Hatunoğlu çalışmasında bu belgenin, AOÇ’de bioyakıt üretiminin gerçekleştiğini ve çiftlik bünyesinde tarımsal üretimde faaliyet gösteren traktörlerde yakıt olarak bitkisel yağ kullanımının sağlandığının resmi kanıtı olduğunu yazıyor.
1. Ziraat Kongresi’nde tartışıldı
TEZDE, Türkiye’de bioyakıt üretimi önerisinin ilk defa 1931 yılında “An’anevi Ziraattan Rasyonel Ziraata” başlığıyla 1. Ziraat Kongresi’nde ele alındığı bilgisi yer alıyor.
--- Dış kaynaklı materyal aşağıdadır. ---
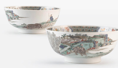不同角度的清康熙景德鎮窯五彩耕織圖碗。

Çalışmada, kongrenin “Ziraat Aletleri” adlı bölümünde tarım ürünlerinin artırılmasında tarımsal alet ve makinelerin önemi ve bu makinelerin ihtiyacı olan yakıtın ithal edilmesi yerine yerli kaynaklar ile üretiminin faydasından bahsedildiği belirtiliyor. Atatürk’ün desteği ile bu alanda başarılı sonuçlar alındığı ortaya konsa da bioyakıt üretimi ve kullanım çalışmaları Atatürk’ün ölümü ve ikinci dünya savaşının başlamasıyla birlikte sekteye uğruyor.